The ruthless hedge fund is run by billionaire Paul Singer, 76, who was once branded ‘the vulture lord’ by former president of Argentina Cristina Fernandez de Kirchner after his firm pursued her country for unpaid debts.
Elliott even arranged for an Argentine naval ship crewed by 200 sailors to be detained in Ghana – and tried to seize the county’s presidential plane.
However yesterday some analysts raised doubts about its attack on GSK.
‘We think it remains an open question whether management change would deliver better immediate outcomes,’ Deutsche Bank told clients.
Pharma’s first lady in the crosshairs
By MARK SHAPLAND
The battle over Glaxosmithkline’s future has pitched one of the UK’s top female chief executives against a ruthless hedge fund tycoon and only one can emerge the winner.
GSK chief executive Emma Walmsley took over in 2017 and became the first woman in the world to run a major pharmaceutical company. She has become an icon for British business, renowned for her short blonde hair and fashionable glasses, and is often on the guest list for high-profile state occasions like when Donald Trump visited the UK as US president in 2019.

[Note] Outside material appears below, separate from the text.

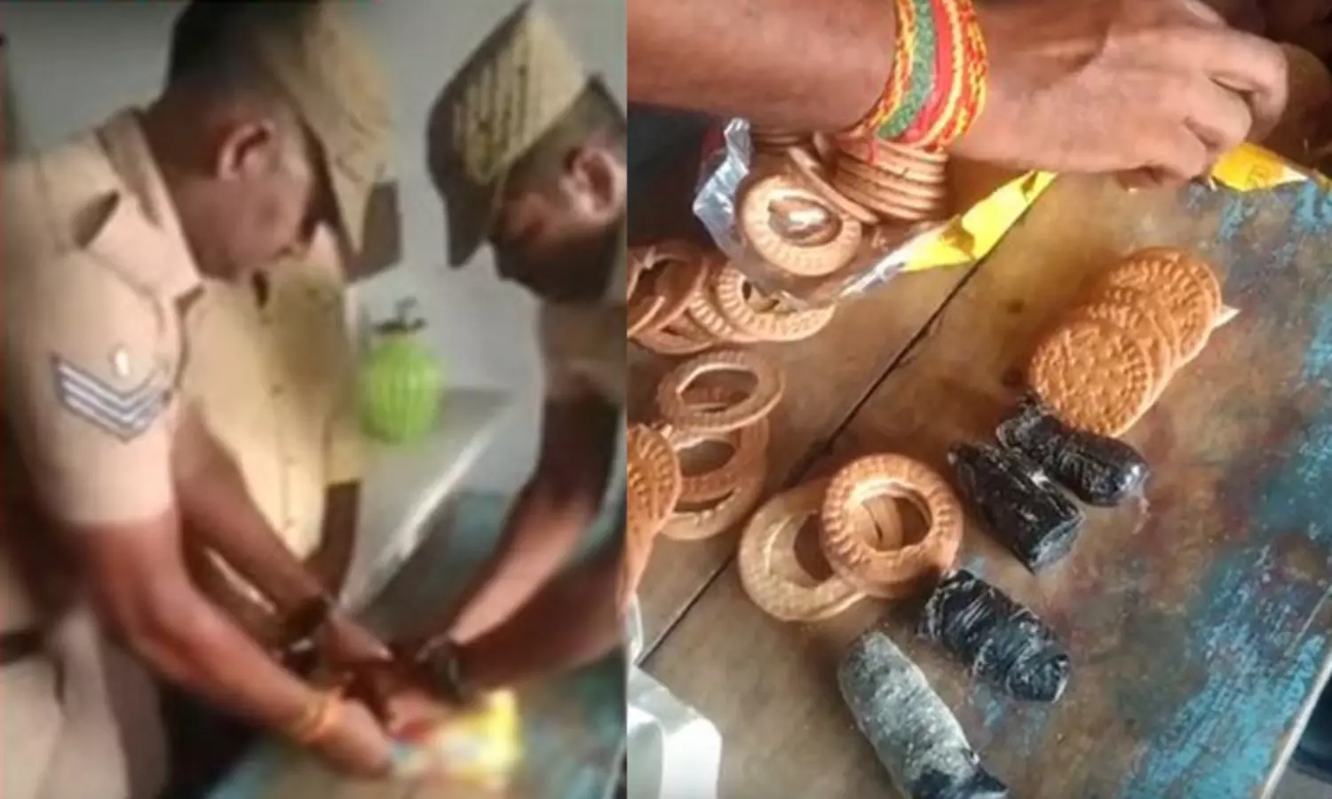 தருமபுரியைச் சேர்ந்த முகமது சுகில் என்பவர் சேலம் மத்திய சிறையில் இருக்கும் கைதி ஒருவரை பார்க்க சென்றார். அபோது கைதி ஒருவருக்கு பிஸ்கட் பாக்கெட்டுகளை கொடுக்க முயற்சி செய்தார். அப்போது அங்கிருந்த காவலர் ஒருவர் சந்தேகத்தின் பேரில் பிஸ்கட் பாக்கெட்டை பிரித்து பார்த்துள்ளார்.

The daughter of Admiral Sir Robert Walmsley, she was picked out early on in her career as a potential chief executive.
One source who worked with her said: ‘It was clear she had leadership qualities. She was friendly but ruthless to those she thought weren’t up to it.’

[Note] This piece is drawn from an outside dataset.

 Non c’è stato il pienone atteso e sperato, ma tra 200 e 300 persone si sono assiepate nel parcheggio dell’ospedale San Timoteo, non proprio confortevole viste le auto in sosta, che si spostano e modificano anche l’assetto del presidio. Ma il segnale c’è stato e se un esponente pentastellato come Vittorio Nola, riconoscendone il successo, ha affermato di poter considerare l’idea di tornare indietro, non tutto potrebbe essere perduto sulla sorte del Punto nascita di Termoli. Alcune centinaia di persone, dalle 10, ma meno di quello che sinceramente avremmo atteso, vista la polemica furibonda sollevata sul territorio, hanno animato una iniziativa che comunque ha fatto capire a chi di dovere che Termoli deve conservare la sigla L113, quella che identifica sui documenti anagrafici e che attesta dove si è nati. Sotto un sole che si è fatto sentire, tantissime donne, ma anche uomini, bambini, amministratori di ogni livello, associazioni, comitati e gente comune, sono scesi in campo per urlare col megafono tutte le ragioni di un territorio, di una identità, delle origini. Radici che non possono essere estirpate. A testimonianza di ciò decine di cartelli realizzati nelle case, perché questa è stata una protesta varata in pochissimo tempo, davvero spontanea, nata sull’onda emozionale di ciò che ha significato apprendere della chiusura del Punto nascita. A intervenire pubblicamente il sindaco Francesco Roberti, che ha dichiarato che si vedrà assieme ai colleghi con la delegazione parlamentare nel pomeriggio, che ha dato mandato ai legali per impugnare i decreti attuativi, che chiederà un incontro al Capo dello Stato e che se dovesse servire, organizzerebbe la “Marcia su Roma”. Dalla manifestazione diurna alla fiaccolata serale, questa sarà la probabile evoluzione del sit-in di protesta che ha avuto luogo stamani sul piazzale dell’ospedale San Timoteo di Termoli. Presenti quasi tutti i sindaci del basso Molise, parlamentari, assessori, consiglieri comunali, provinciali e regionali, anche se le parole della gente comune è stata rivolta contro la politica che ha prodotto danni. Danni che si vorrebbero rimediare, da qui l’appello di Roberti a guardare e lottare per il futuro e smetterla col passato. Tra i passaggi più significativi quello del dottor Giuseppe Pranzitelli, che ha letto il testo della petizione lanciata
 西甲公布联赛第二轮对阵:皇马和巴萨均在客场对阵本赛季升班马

But Walmsley appears to have met her match in Elliott boss Paul Singer, known for being aggressive, tenacious and extremely litigious. Elliott bought a stake in GSK in May this year – immediately triggering speculation over Walmsley’s future amid rumours he did not believe she was up to the job of splitting GSK into two separate companies.
Elliott is particularly unhappy that it has taken GSK nearly two years to plan the demerger – the uncertainty has caused the share price to slide – while the firm also questions whether Walmsley can lead the pharma business called New GSK instead of the consumer offshoot where her experience lies. Walmsley started her career at L’Oreal where she oversaw make-up and haircare products.
But many have questioned Elliott’s tactics and former Thyssenkrupp chief executive Ulrich Lehner in 2019 accused the firm of ‘psycho-terror’ by ‘placing lies in public’ and ‘harassing families and neighbours’ to force the resignation of senior executives.
The hedge fund, which has a stake in the company, said of the allegations that they were ‘categorically untrue and defamatory’, but Singer revels in his reputation.
The Admiral’s daughter clearly has some sleepless nights ahead.